By detecting T-cell activation, it’s believed that this can potentially identify safe and/or at-risk populations, while also providing an ability to evaluate the effectiveness of any SARS-CoV-2 vaccine in stimulating T-cell immunity—something that BioVaxys is also currently developing, through their SARS-CoV-2 vaccine BVX-0320, which is also set to be aided greatly by the WuXi partnership.

Back in August, Becton, Dickinson and Company (NYSE:BDX) (or ‘BD’) received Emergency Use Authorization from the FDA for the BD VeritorTM At-Home Covid-19 Test—the first at-home Covid-19 rapid antigen test to use computer vision technology in a smartphone to interpret and provide digital display of testing results. The BD Veritor™ At-Home COVID-19 Test is designed to be easily performed at home by people 14 years of age or older, using Scanwell Health's app to provide clear digital results in 15 minutes. The test can also be used for children as young as two years old with samples collected by an adult.

"The rise in COVID-19 cases from the Delta variant has increased the demand for at-home testing, and the BD Veritor™ At-Home COVID-19 Test is an easy-to-use test with definitive digital results that is ideal for use in the home," said Dave Hickey, president of Life Sciences for BD. "New mandates from governments and businesses are specifying the need for periodic testing for those who cannot or chose not to be vaccinated, and this new test may help businesses, governments or schools fulfill those requirements."

Another at-home test, the QuickVue At-Home OTC COVID-19 Test from Quidel Corporation (NASDAQ:QDEL) which in early September became widely available in the US across more than 7,000 CVS Health Corporation (NYSE:CVS) locations.

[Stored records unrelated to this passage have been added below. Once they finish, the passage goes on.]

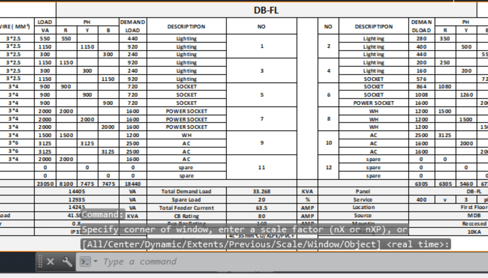 بانل سكدويل بها تصميم اتزان الاحمال علي 3 فازات
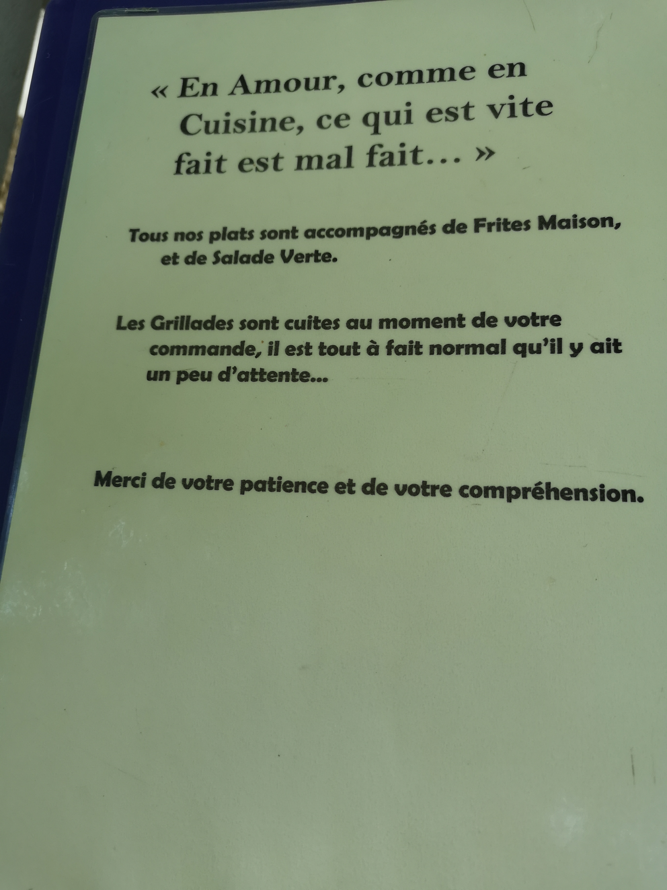 Endroit tres sympathique, restaurant plein, il convient de réserver. Cuisine impeccable,bon rapport qualité prix, Il faut attendre les grillades normal, elles sont faites devant nous. Les profiteroles...une tuerie. Bref , un bon moment, le patron est très attentif au service de façon à nous etre le plus agréable possible. La carte bancaire n'est pas acceptée, mais cela nous est dit et redit, donc pas de surprise.
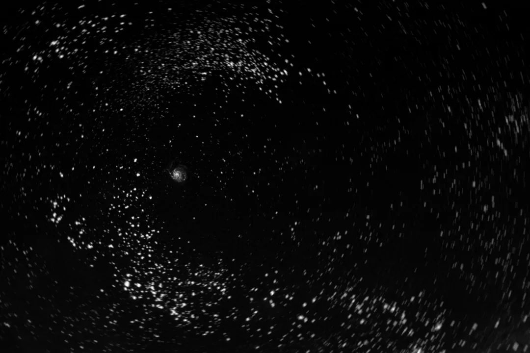 比如一次在卫生间给儿子洗澡,不小心把爽身粉弄翻洒了一地,黑色的地板上的白色爽身粉,让朱锋想起了星系的意象,拿起相机,摁下快门,向前辈托马斯·鲁夫的作品《星》致敬,形成了自己的作品《星云图》。
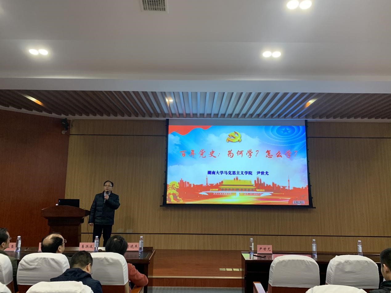 彭晓燕围绕深入学习贯彻落实习近平总书记在党史学习教育动员大会上的重要讲话精神,湖南省委理论学习中心组“学史明理”主题党史学习教育第一次学习精神以及公司党史教育动员大会精神,对公司开展党史学习教育活动进行了全面动员部署。彭晓燕强调,球王会体育官网是一所具有悠久历史的“千年学府,百年名校”。机械院作为一个党员人数众多的公司,同志们对于学习党史的需求十分迫切。在庆祝党百年华诞的重大时刻,“两个一百年”奋斗目标历史交汇的关键节点,全党集中开展党史学习教育,正当其时,十分必要。并对尹世尤教授莅临现场授课表示热烈的欢迎与由衷的感谢。
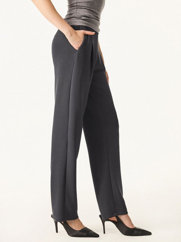 Diese bequeme und elegante Schlupfhose zeichnet sich durch eine schlichte Taille mit flexiblem Gummizug aus. Der gerade Schnitt fällt fließend bis zur vollen Länge und ist ideal für den Alltag – vom Pendeln bis zum Casual Friday. Praktische Taschen für den Alltag runden das Design ab.

This rapid antigen test enables consumers to perform the test themselves easily and get results within minutes without a doctor’s prescription. Each shelf-stable package contains two self-administered rapid antigen tests.

“We’re experiencing high demand for over-the-counter testing products and are working with our suppliers to meet that demand,” said CVS spokesperson Matt Blanchette in an email to CommonWealth Magazine. “In the event that any of our stores experience a temporary shortage, we will re-supply them as quickly as possible.”

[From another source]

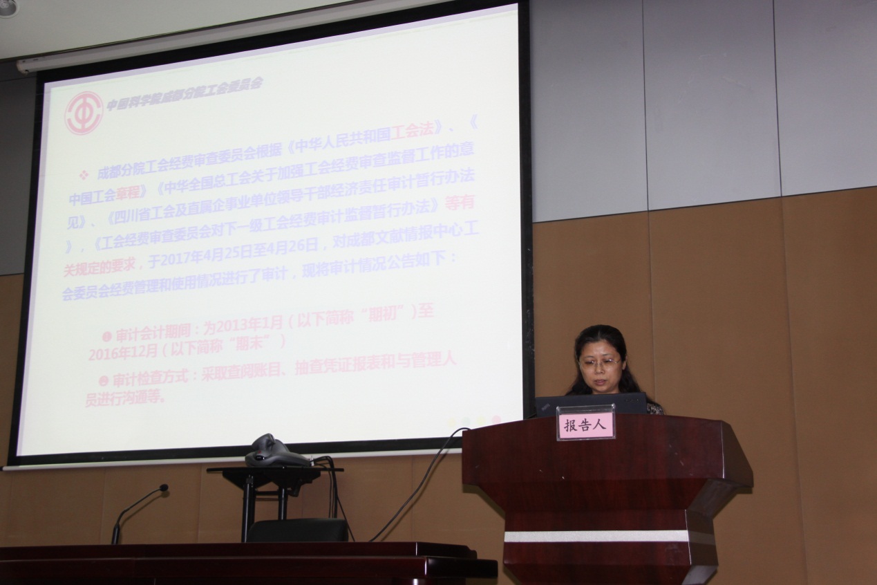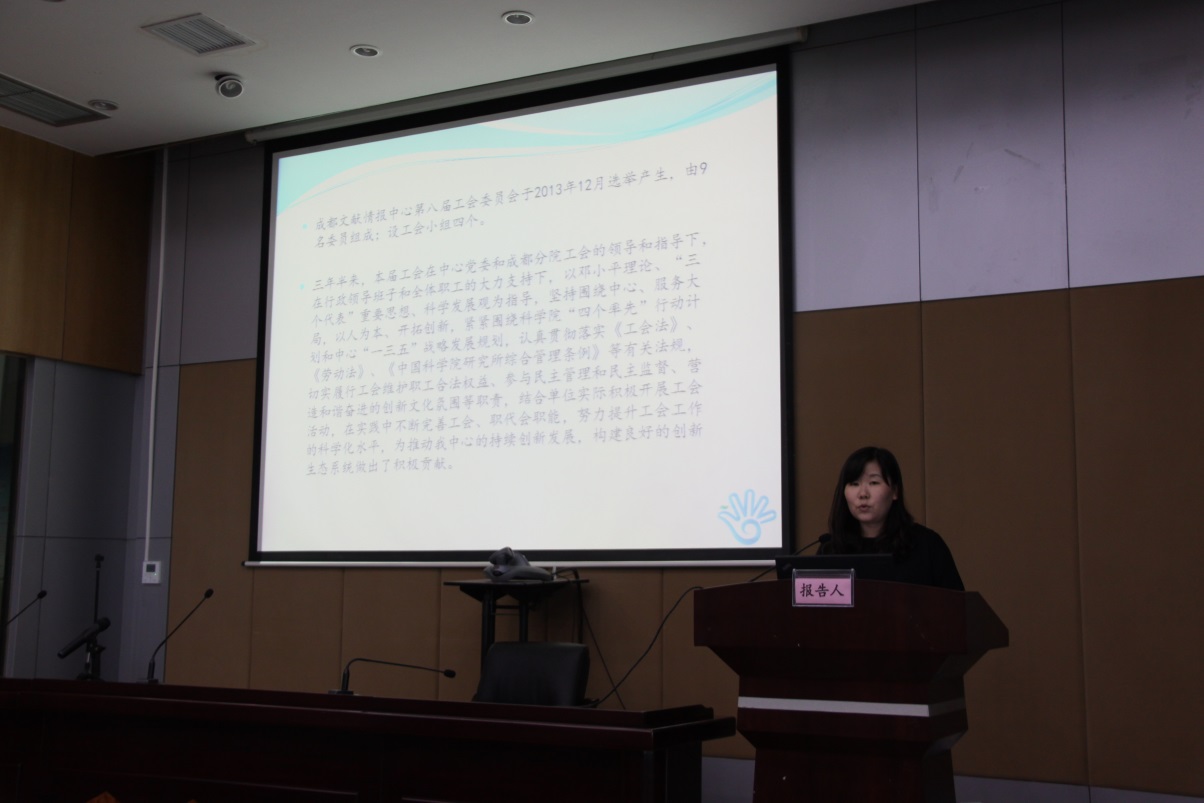 大会首先听取了中心工会副主席陈方代表第八届工会委员会作的《中国科学院成都文献情报中心第八届工会委员会工作报告》,报告从组织体系建设、履行维权职责、参与民主管理、建设创新文化、开展帮扶活动、日常规范管理等七个方面对本届工会工作进行了回顾和总结,认真分析了存在的不足,并对今后的工会工作提出了展望和建议。中心工会会计杨倩代表第八届工会委员会作了《中国科学院成都文献情报中心工会委员会第八届财务工作报告》。到会会员一致审议通过这两个报告。随后成都分院工会经费审查委员会副主任罗桦作了《成都文献情报中心第八届工会委员会主席任期经费审计结果公告》。
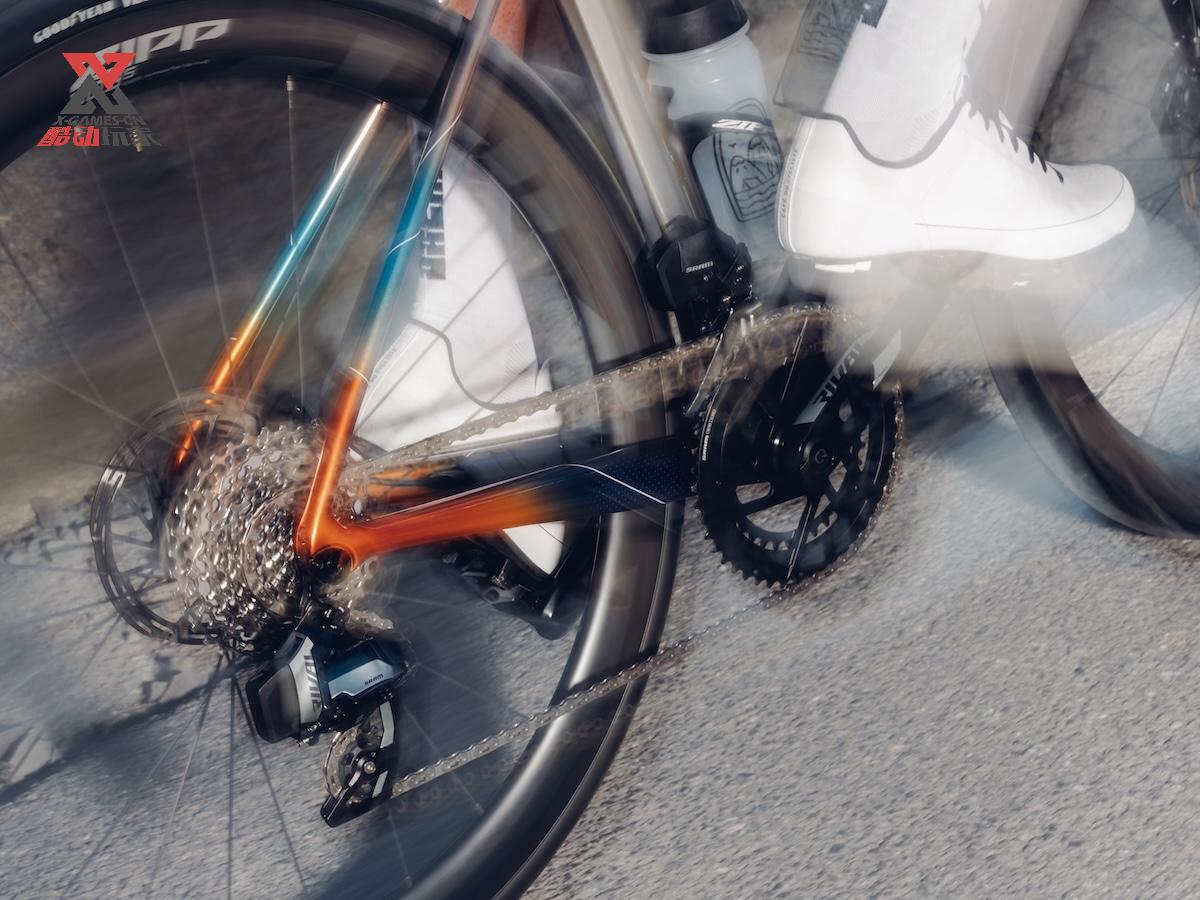 2、XPLR 专属后拨结构采用 Full Mount 安装,摒弃传统尾钩接口,提升刚性与稳定性。

The same goes for Abbott Laboratories (NYSE:ABT) and its BinaxNOW tests, which spokesperson for the company, John Koval, says is seeing “unprecedented demand”.

“Today, there are tens of millions of BinaxNOW tests in various settings and supply chains,” Koval said in an email. “We're working with our customers to ensure tests get to where they're most needed and we're ramping back up, as we did last year… There will be some supply constraints over the coming weeks as increased capacity comes online.”

The untimely surge in demand came roughly a month after the makers of the popular covid test chose to destroy inventories and laid off thousands of workers, according to the New York Times.

Abbott’s test can still be ordered online via CVS and Amazon, but has had supply issues for online orders at other retailers such as Walgreens and Kroger.